--- START ---

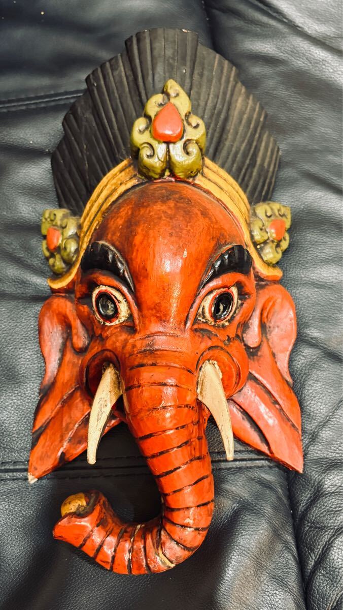 - ガネーシャ 壁掛け面 ヒンドゥー教の神 学問の神 商業の神 除災厄除 財運向上 アンティーク インテリア 壁掛け お面 木製 レトロ 木彫り
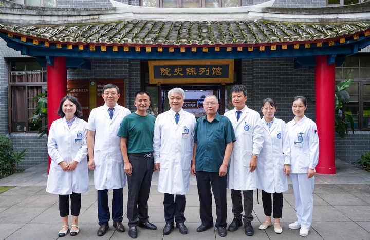 郭应强教授(左四)带领医护团队与患者在十年见面会后合影。四川大学华西医院供图
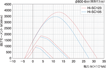 Hi-SC123(標準型)とHi-SC105(標準型)の曲げ耐力は、右図に示す通りとなります。(代表として杭径800㎜、鋼管厚6㎜、腐食代1㎜の値を示す。)
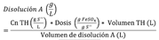 Cn TH: concentración de sulfuro medida en el tanque de homogeneización (g S-/L). Dosis: gramos de FeSO4 por cada gramo de sulfuro (FeSO4/g S-). Volumen TH: volumen del tanque de homogeneización (L). Volumen de disolución A: volumen de disolución A que se desea (L).
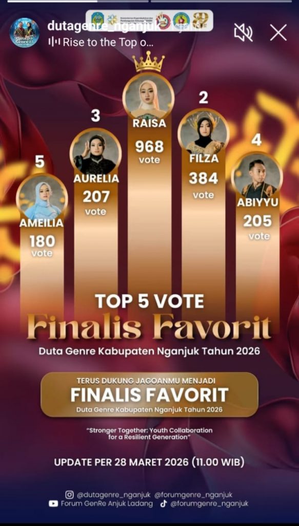 Dengan capaian sementara tersebut, Raisa menjadi salah satu kandidat kuat Juara Favorit Duta Genre Nganjuk 2026. Meski demikian, hasil akhir tetap akan ditentukan dari akumulasi suara hingga penutupan voting.
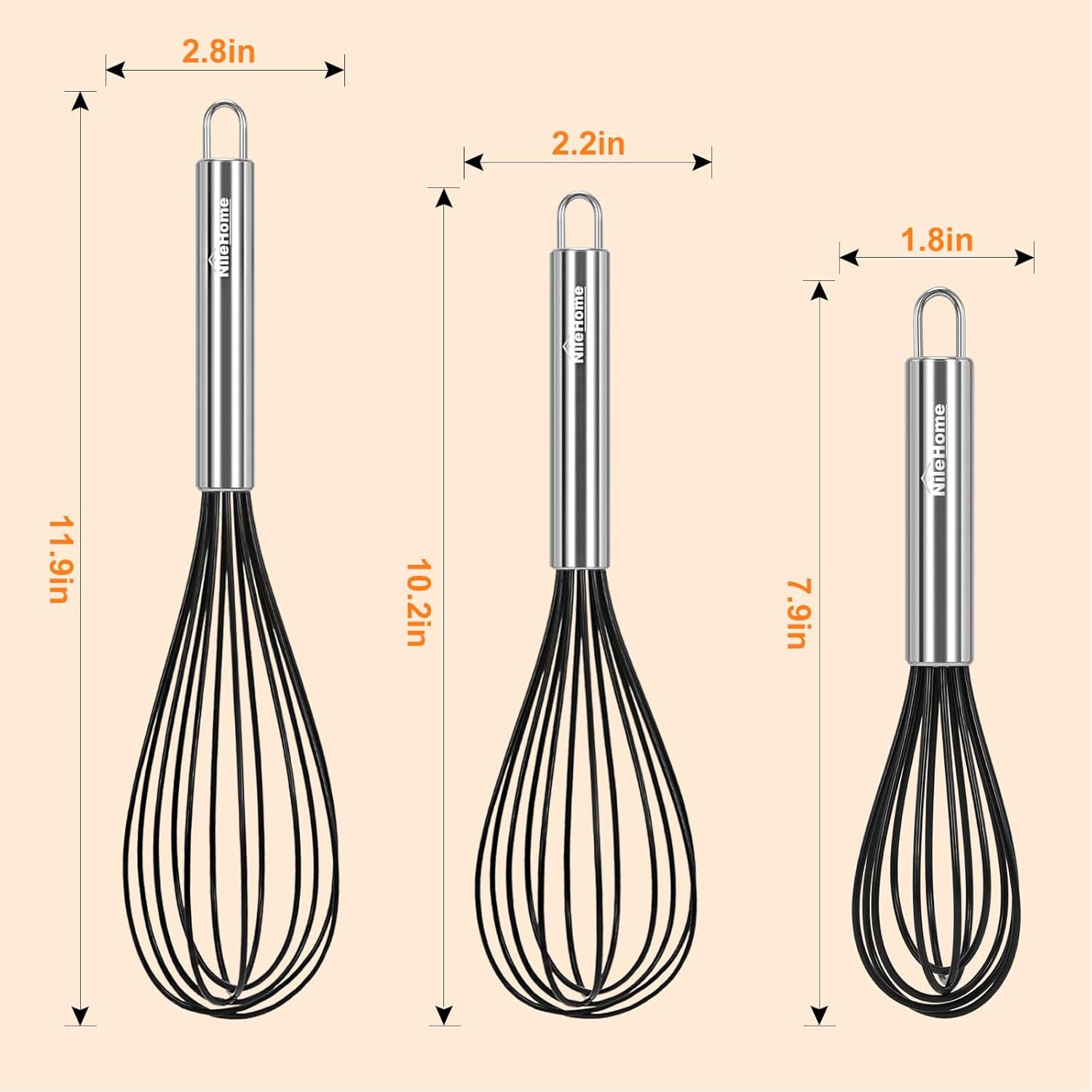 NileHome Whisk Commercial Whisks Stainless Steel & Silicone Non-Stick Coated Small Whisk Set 8" 10" 12" Kitchen Wisk Wire Whisks for Cooking 3 Pack, Black
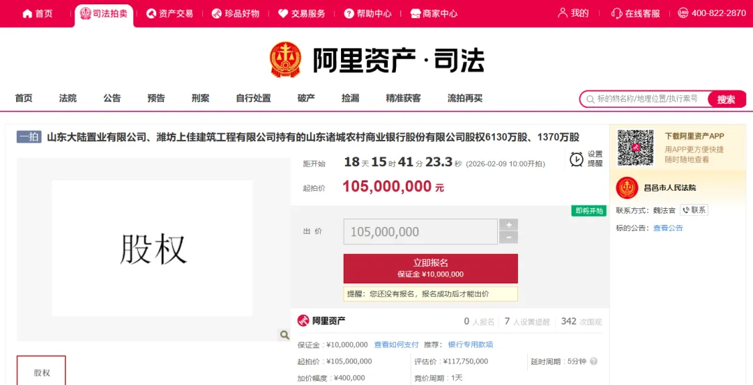 据阿里资产司法拍卖平台提供的信息显示,诸城农商银行7500万股股权将于2026年2月9日公开拍卖,起拍价为1.05亿元,每股均价1.4元。
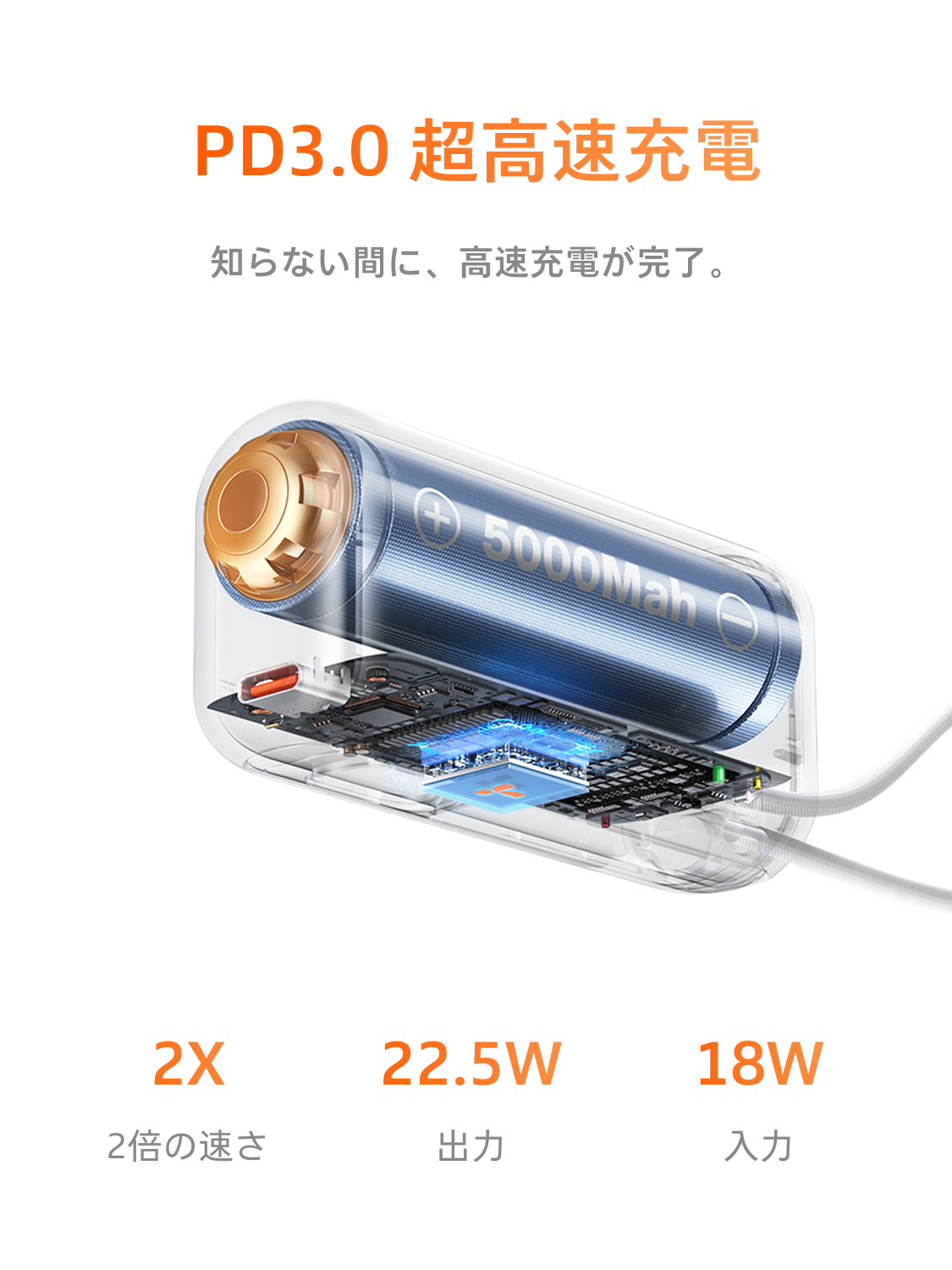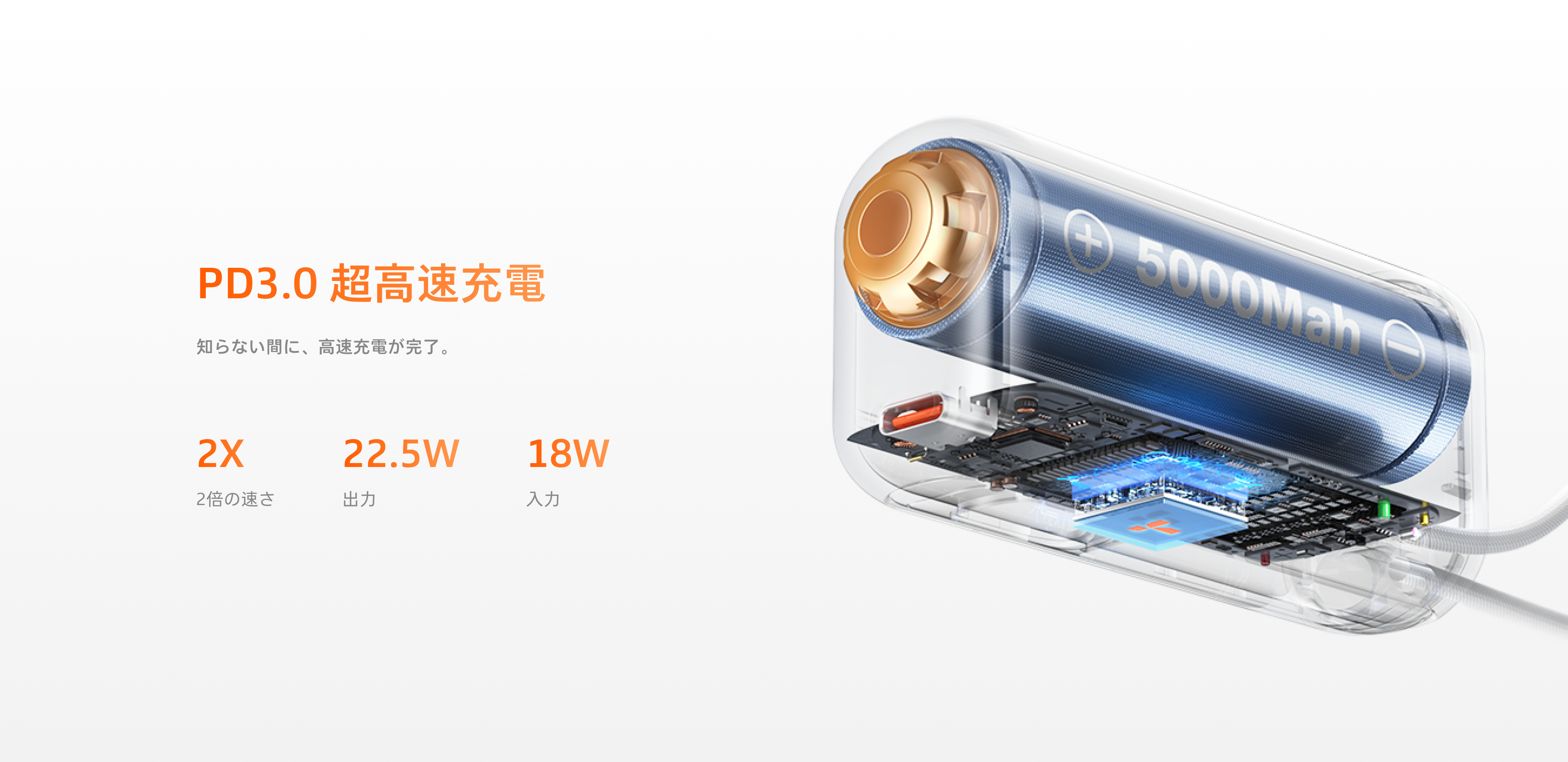- パススルー機能で、スマホ優先充電後、モバイルバッテリーの充電に自動切替。充電中も安心です。

--- END ---

Task item | The line with "Hi-SC123(標準型)と" ends the range, and the first line of the data begins it; repeat exactly those lines and nothing more, omitting pictures.

Task response |
 - ガネーシャ 壁掛け面 ヒンドゥー教の神 学問の神 商業の神 除災厄除 財運向上 アンティーク インテリア 壁掛け お面 木製 レトロ 木彫り
 郭应强教授(左四)带领医护团队与患者在十年见面会后合影。四川大学华西医院供图
 Hi-SC123(標準型)とHi-SC105(標準型)の曲げ耐力は、右図に示す通りとなります。(代表として杭径800㎜、鋼管厚6㎜、腐食代1㎜の値を示す。)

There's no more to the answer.